**What you are asked to do:**
Within the records that follow, restate exactly the lines from the line with "服装系的刘虹老师的《二维构成" down to the line with "摘要:提出一种融合深度强化学", including both. Omit the pictures.

**Dataset records:**
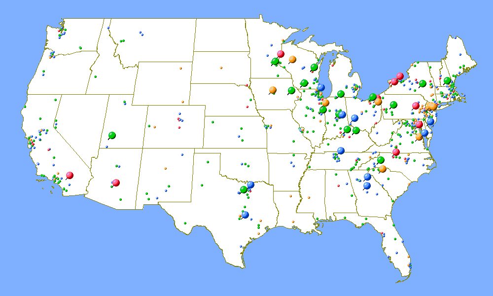 Locations of USA stations that entered the 2001 ARRL 160 Meter Contest, color-coded by entry class, with "Top Ten" stations represented by large pushpins. Red is single-op QRP, green is single-op low power, blue is single-op high power, and orange is multi-op. Again, higher-scoring dots are drawn on top of lower-scoring dots.
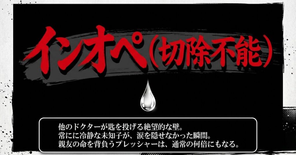 信頼関係があるからこそ、執刀医としてのプレッシャーは通常の何倍にもなります。未知子が流した涙は、彼女が機械ではなく、血の通った「人間」であることを証明した瞬間でもありました。
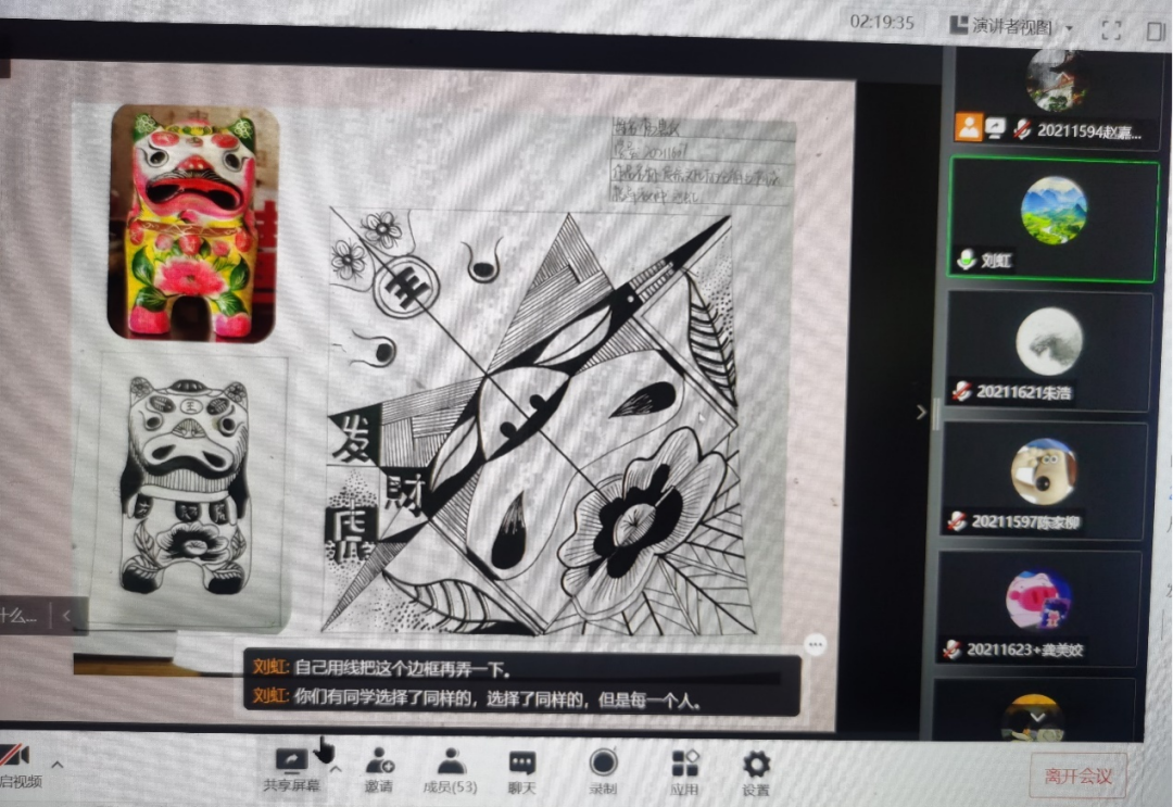服装系的刘虹老师的《二维构成》,通过腾讯会议、雨课堂联动来进行教学和作业评图,6周的线上教学,同学们保持了饱满的学习热情。疫情期间充分考虑到员工学习工具不够充分,结合信息化技术发展,及时将各种信息技术引入设计教学,传统纸笔和电脑绘制互相补充。与传统课堂相比,充分发挥出线上课堂特点,打卡、弹幕、微信评图、调动员工学习积极性,课堂气氛活泼,互动性好;课下保持良好互动,积极沟通作业,创新设计潜力不断被激发,课堂作业表现出较高质量。教学过程中不仅关注员工学习情况,还关注员工的生活、思想及心理状态等,做到教学和育人相融合.
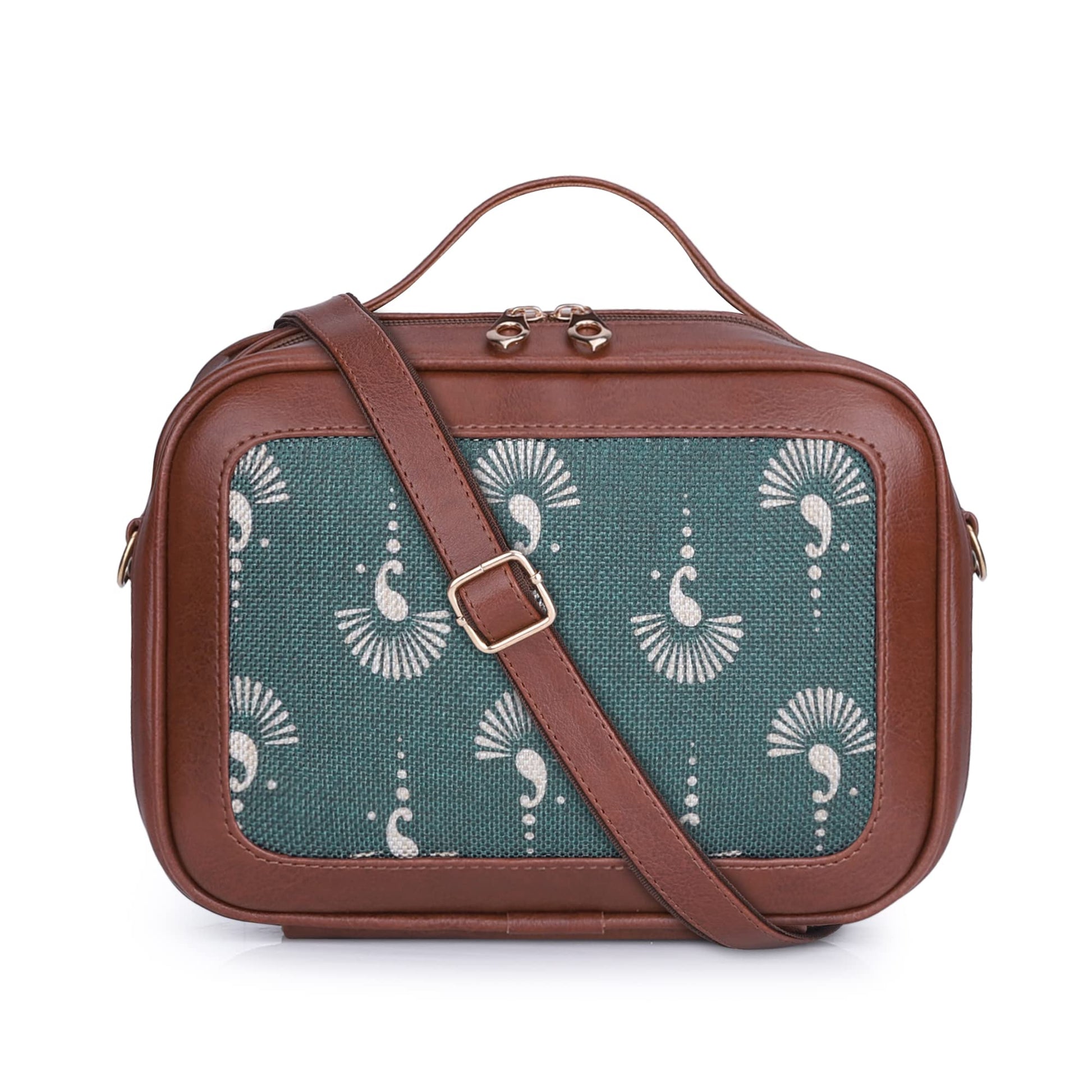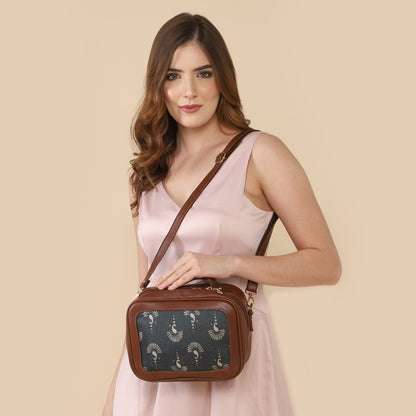 The Abana Polyester and Faux Leather Crossbody Sling Bag with Top Handle for Women Party Bag Purse with Adjustable Shoulder Strap and Printed Design for Ladies College Girls (Slate Grey)
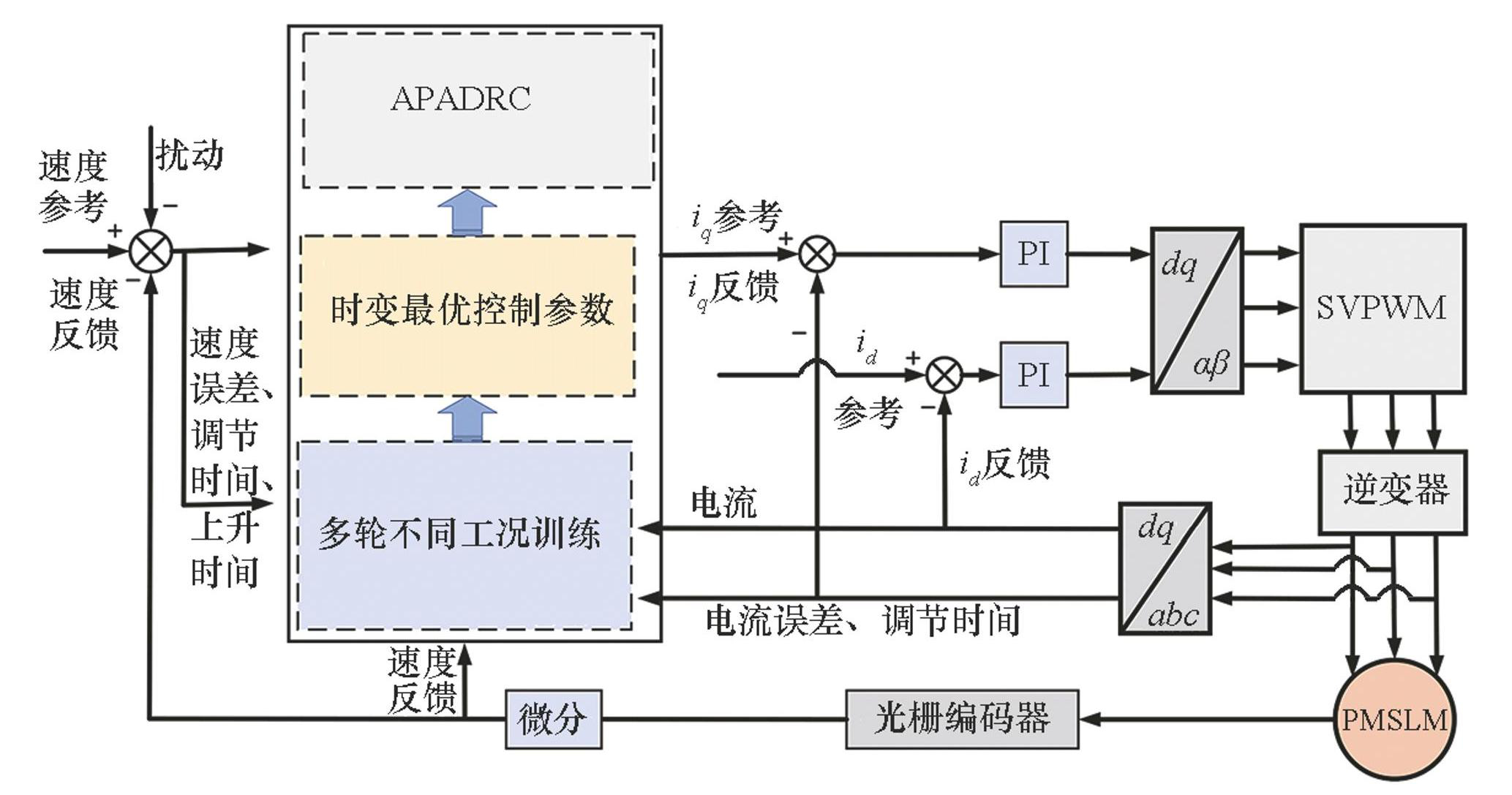 摘要:提出一种融合深度强化学习与改进粒子群优化的自适应自抗扰控制策略,旨在提升永磁同步直线电机的速度与推力控制性能。通过建立电机数学模型并分析其动态特性,设计基于深度强化学习粒子群优化的控制框架,利用强化学习中的奖励机制与环境交互,动态优化自抗扰控制器参数以应对运行条件变化及外部扰动。改进粒子群算法引入分区惯性权重机制,结合历史全局最优数据循环更新策略,优化神经网络权重,从而提高控制策略的搜索效率与优化精度。实验结果表明,相比传统粒子群优化自抗扰控制算法,所提方法显著提高了电机位置与速度跟踪精度,增强了系统稳定性及抗推力扰动能力,验证了创新策略的有效性。
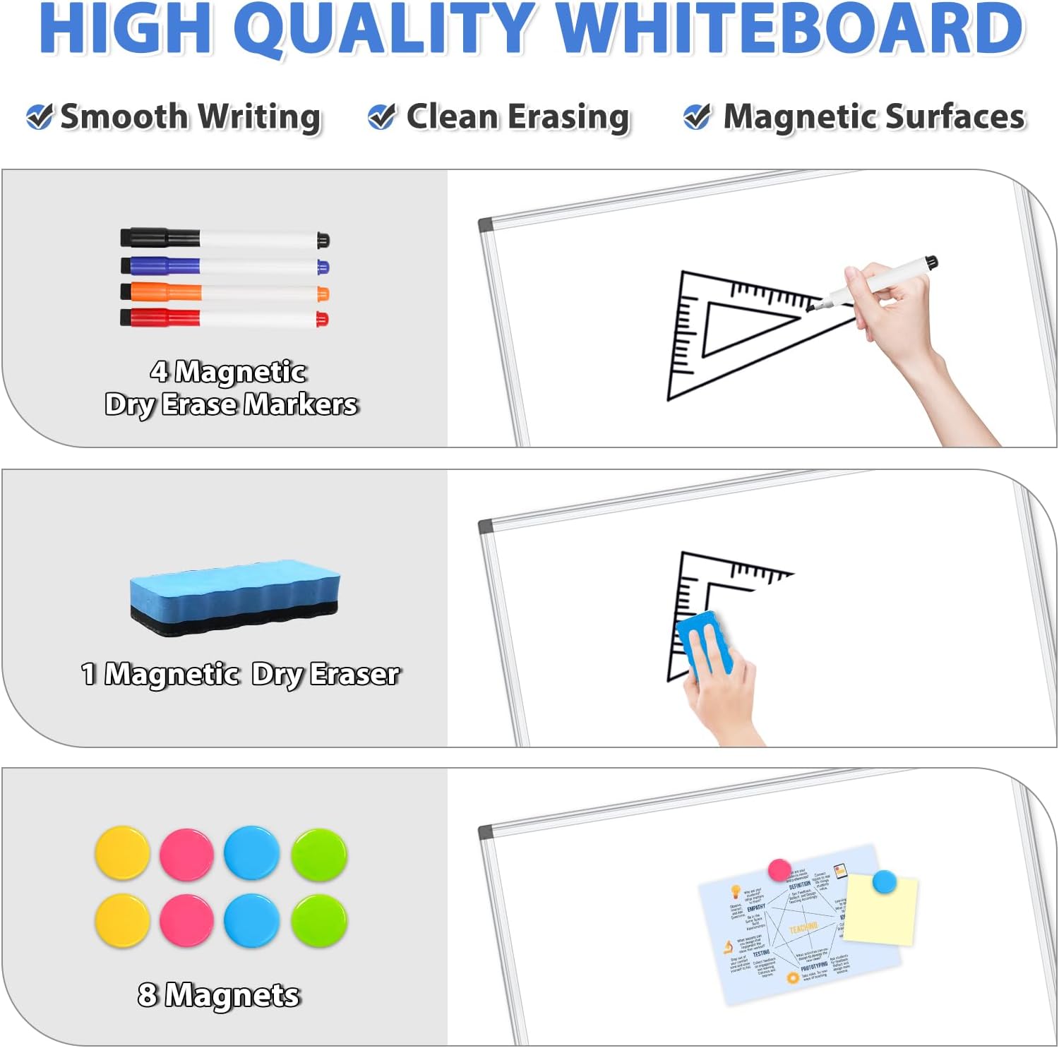 - 【Magnetic Surface & Double-sided】Experience effortless writing with our whiteboard's impeccably smooth surface, ensuring every stroke is clear and precise. When it's time to refresh your white board, cleaning is a breeze – simply wipe away writings with ease, leaving no residue behind. The magnetic feature not only enhances usability by allowing for easy attachment of notes or documents but also adds a touch of convenience to your workspace.

**Finished exercise:**
服装系的刘虹老师的《二维构成》,通过腾讯会议、雨课堂联动来进行教学和作业评图,6周的线上教学,同学们保持了饱满的学习热情。疫情期间充分考虑到员工学习工具不够充分,结合信息化技术发展,及时将各种信息技术引入设计教学,传统纸笔和电脑绘制互相补充。与传统课堂相比,充分发挥出线上课堂特点,打卡、弹幕、微信评图、调动员工学习积极性,课堂气氛活泼,互动性好;课下保持良好互动,积极沟通作业,创新设计潜力不断被激发,课堂作业表现出较高质量。教学过程中不仅关注员工学习情况,还关注员工的生活、思想及心理状态等,做到教学和育人相融合.
 The Abana Polyester and Faux Leather Crossbody Sling Bag with Top Handle for Women Party Bag Purse with Adjustable Shoulder Strap and Printed Design for Ladies College Girls (Slate Grey)
 摘要:提出一种融合深度强化学习与改进粒子群优化的自适应自抗扰控制策略,旨在提升永磁同步直线电机的速度与推力控制性能。通过建立电机数学模型并分析其动态特性,设计基于深度强化学习粒子群优化的控制框架,利用强化学习中的奖励机制与环境交互,动态优化自抗扰控制器参数以应对运行条件变化及外部扰动。改进粒子群算法引入分区惯性权重机制,结合历史全局最优数据循环更新策略,优化神经网络权重,从而提高控制策略的搜索效率与优化精度。实验结果表明,相比传统粒子群优化自抗扰控制算法,所提方法显著提高了电机位置与速度跟踪精度,增强了系统稳定性及抗推力扰动能力,验证了创新策略的有效性。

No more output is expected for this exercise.